JW GROM (full name: Jednostka Wojskowa GROM im. Cichociemnych Spadochroniarzy Armii Krajowej, English: Military Unit GROM named in honour of the Silent Unseen of the Home Army) is a Polish special forces unit and forms part of the Special Troops Command of the Polish Armed Forces.

The unit's other name is Jednostka Wojskowa 2305 (Military Unit No. 2305). GROM operators gained the nickname of "The Surgeons" due to their extensive medical training and knowledge and their surgical ability to coordinate and execute special operations. GROM was formed in 1990 with training provided to the initial GROM operators by the US Army Delta Force and the British Army Special Air Service.

History

Early history
GROM, which stands for Grupa Reagowania Operacyjno-Manewrowego (English: Group (for) Operational Maneuvering Response), which also means "thunderbolt", is one of five special forces units in the Special Troops Command. It was officially activated on July 13, 1990. It is deployed in a variety of special operations and unconventional warfare roles, including anti-terrorist operations and projection of force behind enemy lines.

The unit was named after the Silent Unseen (Polish: Cichociemni Spadochroniarze Armii Krajowej) – Poland's elite World War II special-operations unit.

In the 1970s and 1980s, there were several formations of special forces units within Poland, but these were either trained in purely military tasks (sabotage, disruption of communications and such) or in purely counter-terrorist roles. After the Polish embassy in Bern was taken over by a group of four Polish emigrants calling themselves Polish Revolutionary Home Army in 1982, General Edwin Rozłubirski proposed that a clandestine military unit be established to counter the threat from terrorism and other unconventional threats. This proposal, however, was initially rejected by the People's Army of Poland.

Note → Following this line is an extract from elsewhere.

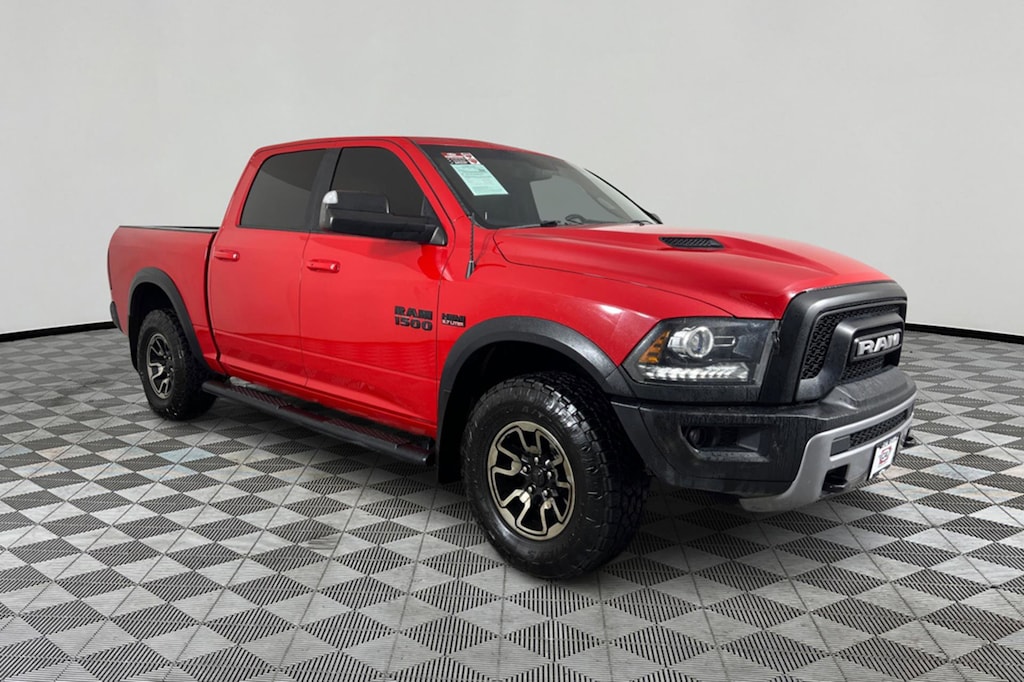 FUEL EFFICIENT 23 MPG Hwy/16 MPG City! Rebel trim. Nav System, Moonroof, Heated Seats, iPod/MP3 Input, 4x4, Aluminum Wheels, Hitch, PARKVIEW REAR BACK-UP CAMERA, PARK-SENSE REAR PARK ASSIST SYSTEM, 9 ALPINE SPEAKERS W/SUBWOOFER, BLACK TUBULAR SIDE STEPS, LUXURY GROUP, KEYLESS ENTER N GO W/PUSH START, POWER SUNROOF, REAR WINDOW DEFROSTER, ENGINE: 5.7L HEMI VVT V8 W/FUELSAVER.. ANTI-SPIN DIFFERENTIAL REAR AXLE, TRANSMISSION: 8-SPEED TORQUEFLITE AUT... CLICK NOW! KEY FEATURES INCLUDE 4x4, Heated Driver Seat, iPod/MP3 Input, Trailer Hitch, Aluminum Wheels, Heated Seats. MP3 Player, Privacy Glass, Child Safety Locks, Steering Wheel Controls, Electronic Stability Control. OPTION PACKAGES POWER SUNROOF, KEYLESS ENTER N GO W/PUSH START Remote Proximity Keyless Entry, REAR WINDOW DEFROSTER, LUXURY GROUP Auto-Dimming Rearview Mirror, Exterior Mirrors w/Turn Signals, Rear Dome Lamp w/On/Off Switch, Underhood Lamp, Pickup Box Lighting, Exterior Mirrors w/Courtesy Lamps, Glove Box Lamp, Auto-Dimming Exterior Driver Mirror, Universal Garage Door Opener, Power Folding Exterior Mirrors, Black Power Fold Heated Mirrors w/Signals, Sun Visors w/Illuminated Vanity Mirrors, Overhead Console/Garage Door Opener, REMOTE START & SECURITY ALARM GROUP Remote Start System, Security Alarm, TRANSMISSION: 8-SPEED TORQUEFLITE AUTOMATIC (DFK) Electronic Shift, ANTI-SPIN DIFFERENTIAL REAR AXLE, ENGINE: 5.7L HEMI VVT V8 W/FUELSAVER MDS Electronically Controlled Throttle, Heavy-Duty Engine Cooling, Next Generation Engine Controller, Engine Oil Heat Exchanger, Hemi Badge, Heavy-Duty Transmission Oil Cooler, BLACK TUBULAR SIDE STEPS, RADIO: UCONNECT 3C NAV W/8.4 DISPLAY Humidity Sensor, 8.4 Touchscreen, A/C w/Dual-Zone Automatic Temperature Control, GPS Navigation, 9 ALPINE SPEAKERS W/SUBWOOFER, PARK-SENSE REAR PARK ASSIST SYSTEM, PARKVIEW REAR BACK-UP CAMERA Auto-Dimming Rearview Mirror. Ram Rebel with Flame Red exterior and Red/Black interior features a 8 Cylinder Engine with 305 HP at 6400 RPM*. EXPERTS REPORT Edmunds.com explains Regardless of trim level, the Ram 1500s interior is one of our favorites in the segment. Seat comfort is excellent, especially for long road trips, with soft padding and adequate support in the right places.. Great Gas Mileage: 23 MPG Hwy. A GREAT TIME TO BUY AutoCheck One Owner Reduced from $32,995. This 1500 is priced $2,900 below Kelley Blue Book. Approx. Original Base Sticker Price: $47,200*. .

In 1989, many Jews were allowed to emigrate from the Soviet Union to Israel. Poland was one of the handful of countries that provided aid in the form of organization for the operation, later dubbed Operation Bridge (Operacja Most). After two Polish diplomats were shot in Beirut, Lt. Col. Sławomir Petelicki was sent to Lebanon to secure the transfer of civilians and the Polish diplomatic outposts.

Upon his return to Poland, he presented his plan for the creation of a special military unit to the Ministry of Interior, a force that would be trained in special operations to be deployed in the defense of Polish citizens in situations similar to the one in Lebanon. Petelicki's ideas were well received, and on June 13, 1990, GROM was formally established as JW 2305.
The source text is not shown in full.